___ Raw data

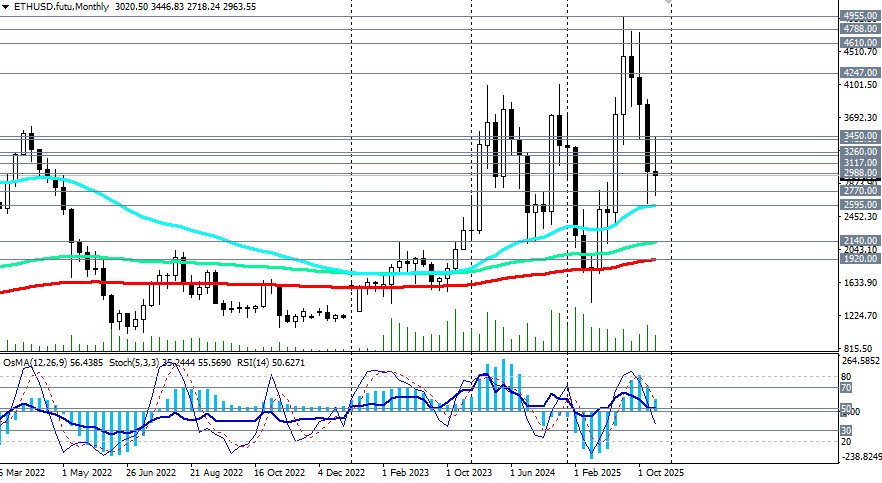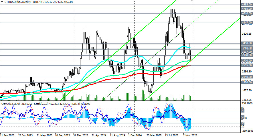 Несмотря на более слабые, чем ожидалось показатели американских CPI и новости из сферы крипторегулирования в США, до смены негативных настроений на крипторынке на позитивные еще пока далеко. Преобладает негативная динамика и сохраняющийся отток средств, отметили мы в нашем сегодняшнем фундаментальном анализе и обзоре «Крипторынок: негативные настроения инвесторов сохраняются. Так, на текущий момент капитализация всего крипторынка составляет примерно 2,93 трлн долларов, что на 41% меньше рекордных 4,15 трлн в конце сентября, по данным TradingView. А это значит, что преимущественными пока что, несмотря на сегодняшний рост, остаются короткие позиции, в том числе и по паре ETH/USD, предпринимающей попытку прорыва выше важного краткосрочного уровня сопротивления 2988.00 (ЕМА200 на 1-часовом графике). Текущая коррекция на рынке криптовалют не выглядит устойчивой, в то время как отток средств из биржевых фондов сохраняется, а индекс «страха и жадности» остается в зоне «страха». Ситуация на крипторынке остаётся сложной, а настроения инвесторов — сдержанно-негативными. Поэтому в основном сценарии ожидаем отбой от уровней 2988.00 – 3000.00 и возобновление снижения. Быстрым сигналом для новых коротких позиций также может стать пробой уровня поддержки 2902.00 (ЕМА200 на 15-минутном графике) и сегодняшнего минимума 2806.00. В случае снижения ближайшими целями станут отметки вблизи важного долгосрочного уровня поддержки 2770.00 (ЕМА144 и нижняя линия восходящего канала на недельном графике). В то же время цена остается в зоне долгосрочного бычьего рынка – выше ключевой зоны поддержки 2770.00 – 2595.00 (ЕМА200 на недельном графике). Поэтому при приближении к данным отметкам можно рассчитывать на отбой и возобновление роста котировок. В самом негативном сценарии и в случае дальнейшего падения пробой стратегических уровней поддержки 1920.00 (ЕМА200 на месячном графике), 1900.00 выведет ETH/USD в зону глобального медвежьего рынка. В альтернативном сценарии пробой зоны ближайших сопротивлений 2988.00 – 3000.00 может стать сигналом к открытию длинных позиций с целями на уровнях сопротивления 3200.00 - 3215.00 (ЕМА50 на дневном графике). Пробой же уровня сопротивления 3450.00 (ЕМА144 на дневном графике) подтвердит переход цены в зону среднесрочного бычьего рынка и возврат восходящей динамики. На это также, в частности, могут указывать технические индикаторы (в нашем случае это – RSI, OsMA, Стохастик), которые на дневном и недельном графиках начинают разворачиваться на длинные позиции. Пока же в преимуществе – короткие. Уровни поддержки: 2902.00, 2900.00, 2806.00, 2800.00, 2770.00, 2600.00, 2595.00, 2500.00 Уровни сопротивления: 2988.00, 3000.00, 3100.00, 3117.00, 3215.00, 3260.00, 3400.00, 3415.00, 3450.00 Торговые сценарии
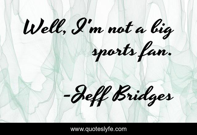This page presents the quote "Well, I'm not a big sports fan.". Author of this quote is Jeff Bridges. This quote is about big, fan, well,.
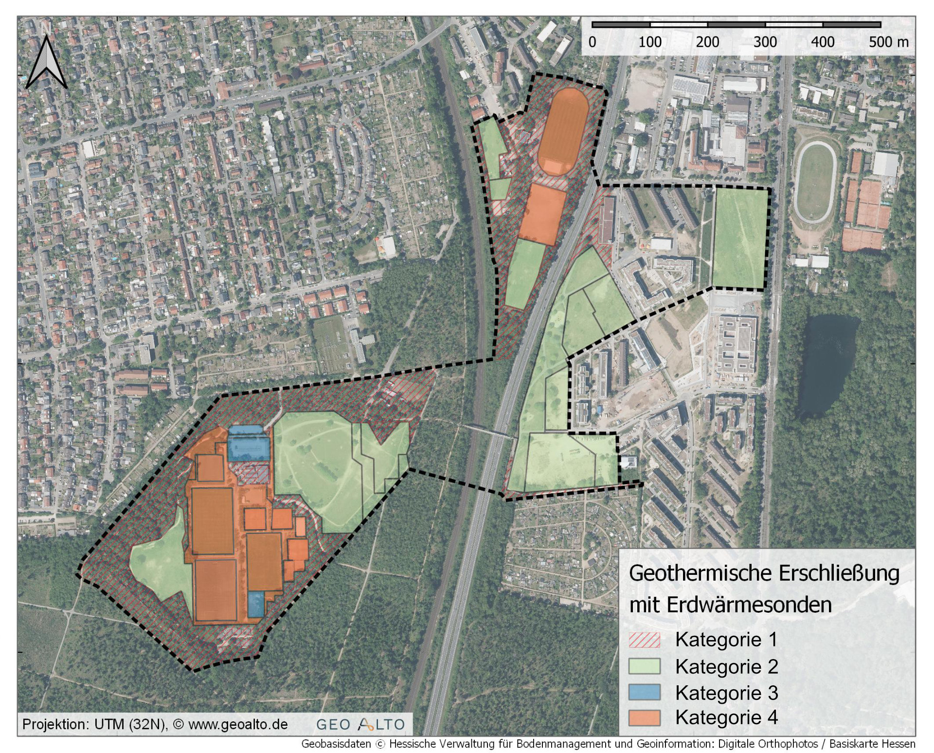 Die GeoAlto GmbH bewertete anhand vorgegebener potentieller Flächen im Umkreis bestehender Fernwärme-Heizkraftwerke zunächst deren Erschließungsattraktivität auf Grundlage der bestehenden Flächennutzung sowie der genehmigungsrechtlichen Randbedingungen. Aus der geologischen Untergrundbeschaffenheit wurden bezogen auf verschiedene Aggregatsbereiche sinnvoll erschließbare Bohrtiefen abgeleitet und das langfristig gewinnbare geothermische Potential anhand thermischer Simulationen abgeschätzt. Weiterführend wurden auch die zu erwartenden Erschließungskosten anhand der aktuellen Marktsituation (2022) bewertet.

______

Your task: Please copy the lines above exactly as written, apart from any pictures.

Result of this exercise:
 Несмотря на более слабые, чем ожидалось показатели американских CPI и новости из сферы крипторегулирования в США, до смены негативных настроений на крипторынке на позитивные еще пока далеко. Преобладает негативная динамика и сохраняющийся отток средств, отметили мы в нашем сегодняшнем фундаментальном анализе и обзоре «Крипторынок: негативные настроения инвесторов сохраняются. Так, на текущий момент капитализация всего крипторынка составляет примерно 2,93 трлн долларов, что на 41% меньше рекордных 4,15 трлн в конце сентября, по данным TradingView. А это значит, что преимущественными пока что, несмотря на сегодняшний рост, остаются короткие позиции, в том числе и по паре ETH/USD, предпринимающей попытку прорыва выше важного краткосрочного уровня сопротивления 2988.00 (ЕМА200 на 1-часовом графике). Текущая коррекция на рынке криптовалют не выглядит устойчивой, в то время как отток средств из биржевых фондов сохраняется, а индекс «страха и жадности» остается в зоне «страха». Ситуация на крипторынке остаётся сложной, а настроения инвесторов — сдержанно-негативными. Поэтому в основном сценарии ожидаем отбой от уровней 2988.00 – 3000.00 и возобновление снижения. Быстрым сигналом для новых коротких позиций также может стать пробой уровня поддержки 2902.00 (ЕМА200 на 15-минутном графике) и сегодняшнего минимума 2806.00. В случае снижения ближайшими целями станут отметки вблизи важного долгосрочного уровня поддержки 2770.00 (ЕМА144 и нижняя линия восходящего канала на недельном графике). В то же время цена остается в зоне долгосрочного бычьего рынка – выше ключевой зоны поддержки 2770.00 – 2595.00 (ЕМА200 на недельном графике). Поэтому при приближении к данным отметкам можно рассчитывать на отбой и возобновление роста котировок. В самом негативном сценарии и в случае дальнейшего падения пробой стратегических уровней поддержки 1920.00 (ЕМА200 на месячном графике), 1900.00 выведет ETH/USD в зону глобального медвежьего рынка. В альтернативном сценарии пробой зоны ближайших сопротивлений 2988.00 – 3000.00 может стать сигналом к открытию длинных позиций с целями на уровнях сопротивления 3200.00 - 3215.00 (ЕМА50 на дневном графике). Пробой же уровня сопротивления 3450.00 (ЕМА144 на дневном графике) подтвердит переход цены в зону среднесрочного бычьего рынка и возврат восходящей динамики. На это также, в частности, могут указывать технические индикаторы (в нашем случае это – RSI, OsMA, Стохастик), которые на дневном и недельном графиках начинают разворачиваться на длинные позиции. Пока же в преимуществе – короткие. Уровни поддержки: 2902.00, 2900.00, 2806.00, 2800.00, 2770.00, 2600.00, 2595.00, 2500.00 Уровни сопротивления: 2988.00, 3000.00, 3100.00, 3117.00, 3215.00, 3260.00, 3400.00, 3415.00, 3450.00 Торговые сценарии
This page presents the quote "Well, I'm not a big sports fan.". Author of this quote is Jeff Bridges. This quote is about big, fan, well,.
 Die GeoAlto GmbH bewertete anhand vorgegebener potentieller Flächen im Umkreis bestehender Fernwärme-Heizkraftwerke zunächst deren Erschließungsattraktivität auf Grundlage der bestehenden Flächennutzung sowie der genehmigungsrechtlichen Randbedingungen. Aus der geologischen Untergrundbeschaffenheit wurden bezogen auf verschiedene Aggregatsbereiche sinnvoll erschließbare Bohrtiefen abgeleitet und das langfristig gewinnbare geothermische Potential anhand thermischer Simulationen abgeschätzt. Weiterführend wurden auch die zu erwartenden Erschließungskosten anhand der aktuellen Marktsituation (2022) bewertet.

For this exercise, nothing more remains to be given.